The pioneering Assassin’s Creed franchise has always been an ambitious series that adopted an annual release cycle business model following Assassin’s Creed 2 in 2009. But fatigue is inevitable, and the work involved in consistently trying to improve, expand and innovate a formula on a yearly basis would be an arduous – and indeed unenviable – task.
Taking a year out from the annual grind, according to Guesdon, has paid dividends.

“We revamped pretty much all the core pillars of the experience for Assassin’s Creed: Origins to make it much more of an action-RPG than previous opuses. Now, how the level of the hero compares with the ones of the enemies is crucial. This new RPG orientation also impacts the progression that allows for more specialisation than before.

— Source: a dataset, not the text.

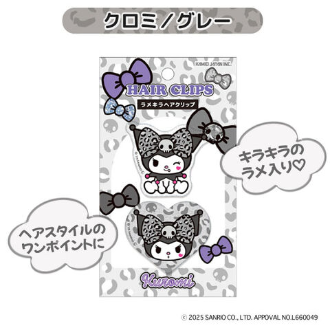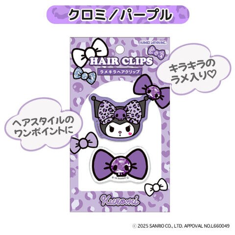 サンリオ ハローキティ×クロミ ギャルアート ラメキラ ヘアクリップ 2Pセット かわいい 前髪クリップ スクバ ビッグリボン ラメ クロミ(パープル)
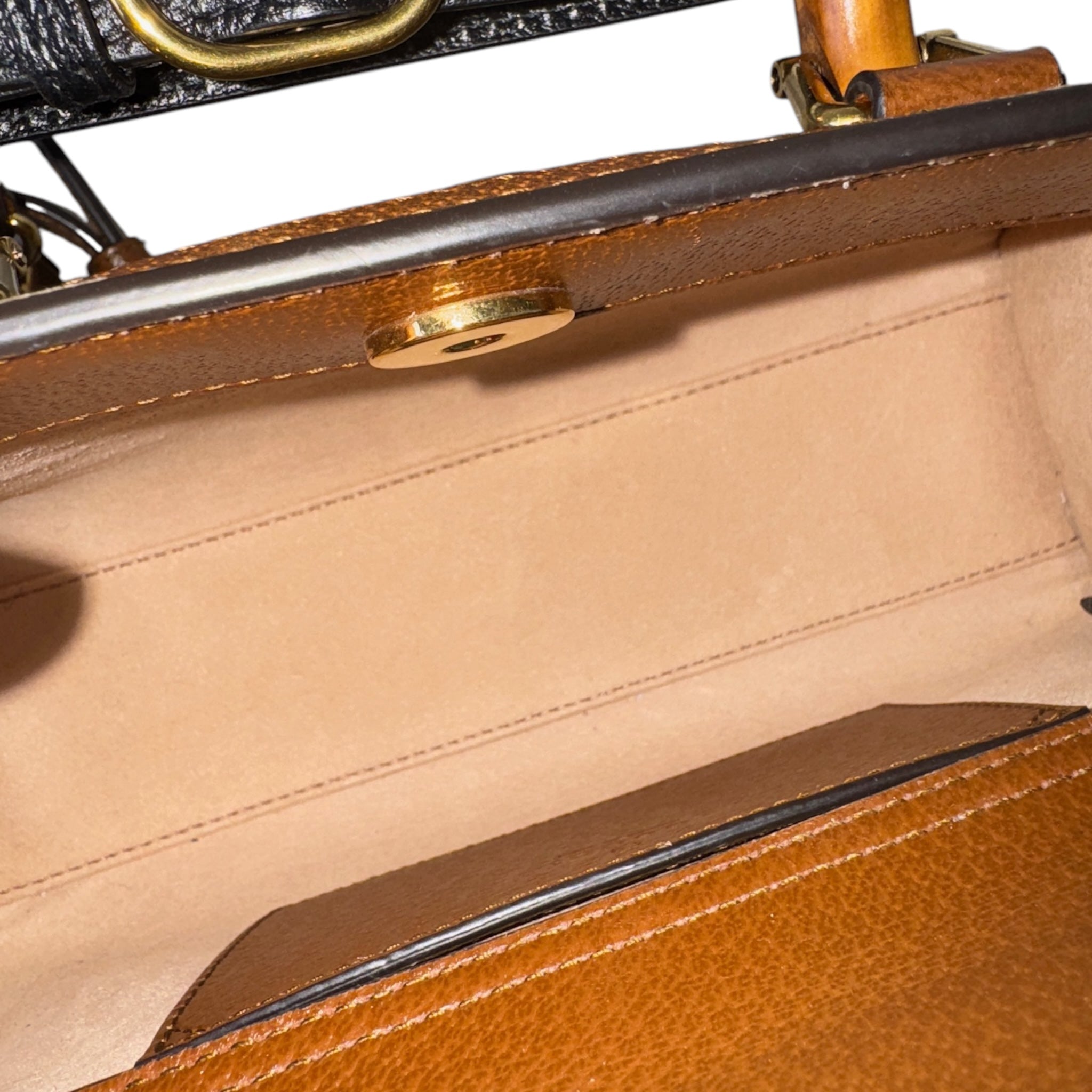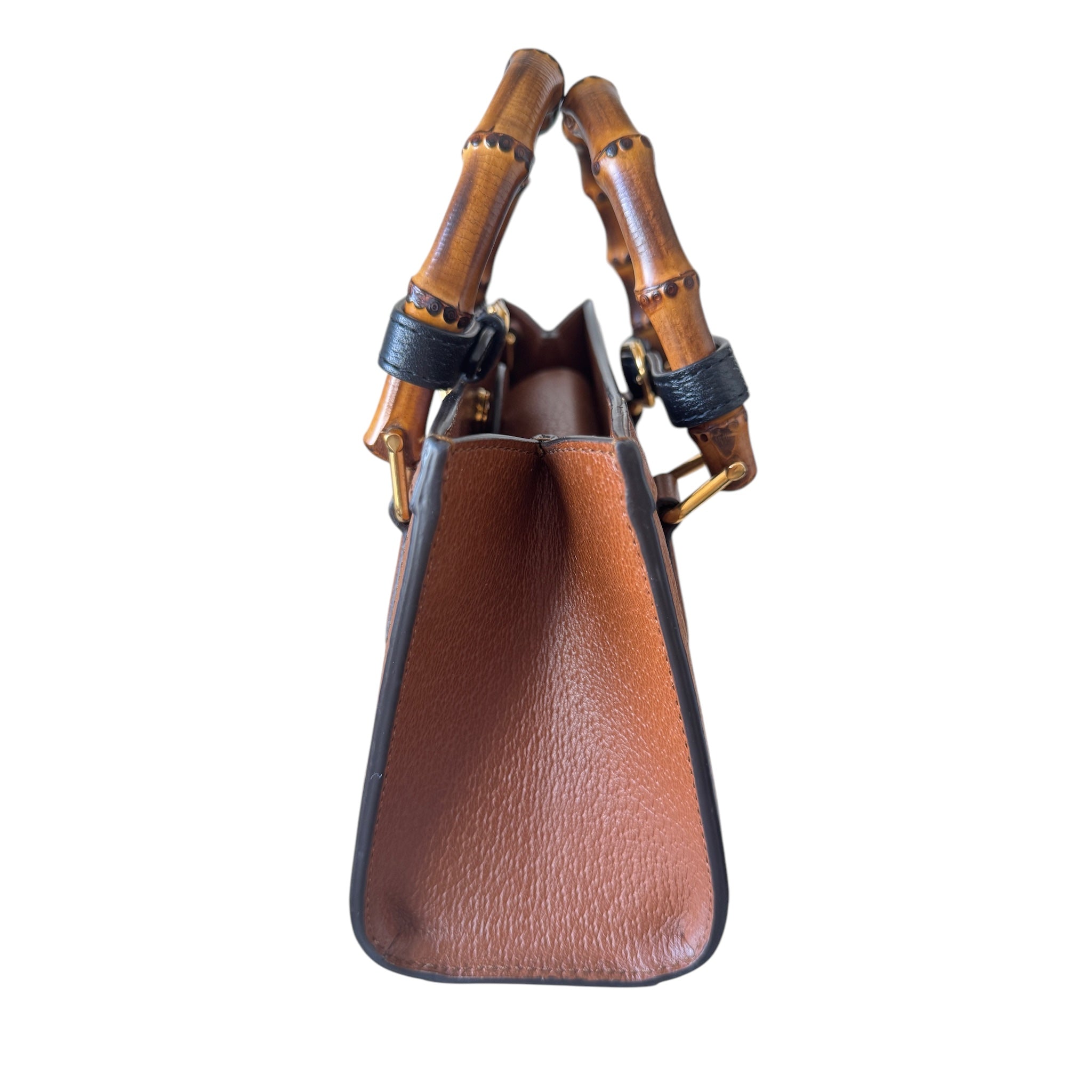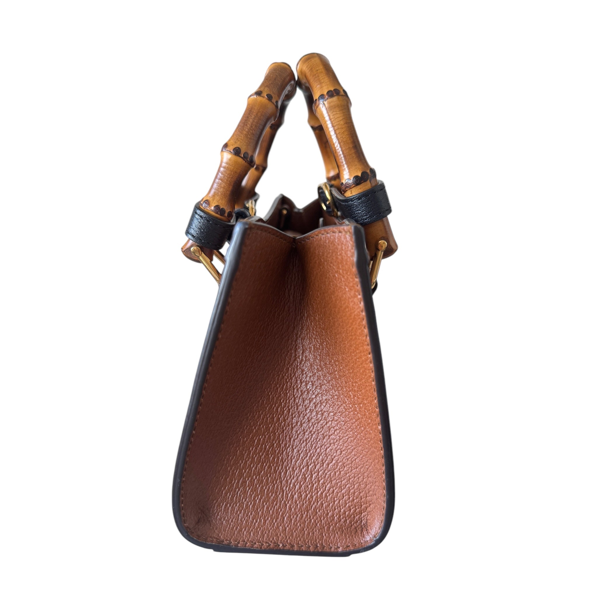 This luxurious tote features a golden toned hardware that adds a touch of elegance and sophistication to any outfit. Made with high-quality leather, the chain bamboo handle provides a comfortable and stylish way to carry this small tote. Complete your look with this pre-owned GG Diana NM tote. Dimensions: 10"W x 6"H x 3.5"D

“As for game systems, first of all, we radically changed the paradigm of the fight, moving from a paired animations system to a ‘hitbox’ system. With this new system, the players’ positioning as well as the size and the speed of their weapon decide if and how they hit their enemies.

“Secondly, we moved our narrative to a quest-based structure, so now players can pick up multiple quests, have them all be available simultaneously and decide their order and priority. This gives autonomy to players while giving us an opportunity to tell hundreds of Egypt’s stories. Players that delve deep into the quest system will experience intersecting stories, letting them explore deeper relationships and ties with in-game characters.

“Last but not least, we created from scratch a brand new AI framework. In Origins, most NPCs have full day cycles where they work, socialise, eat, go to the bathroom, sleep and so on based on their role in the world. Bandits ambush and steal, Ptolemaic soldiers collect taxes and protect their military locations, priests manage their temples, farmers farm, lions hunt, gazelles roam and sleep, etc. Most NPCs are ever persistent and will live their life even if the player is kilometers away.

“So while Origins is still true to the franchise and its core DNA, we have drastically modernised the gameplay experience to make it deeper and more open than ever before.”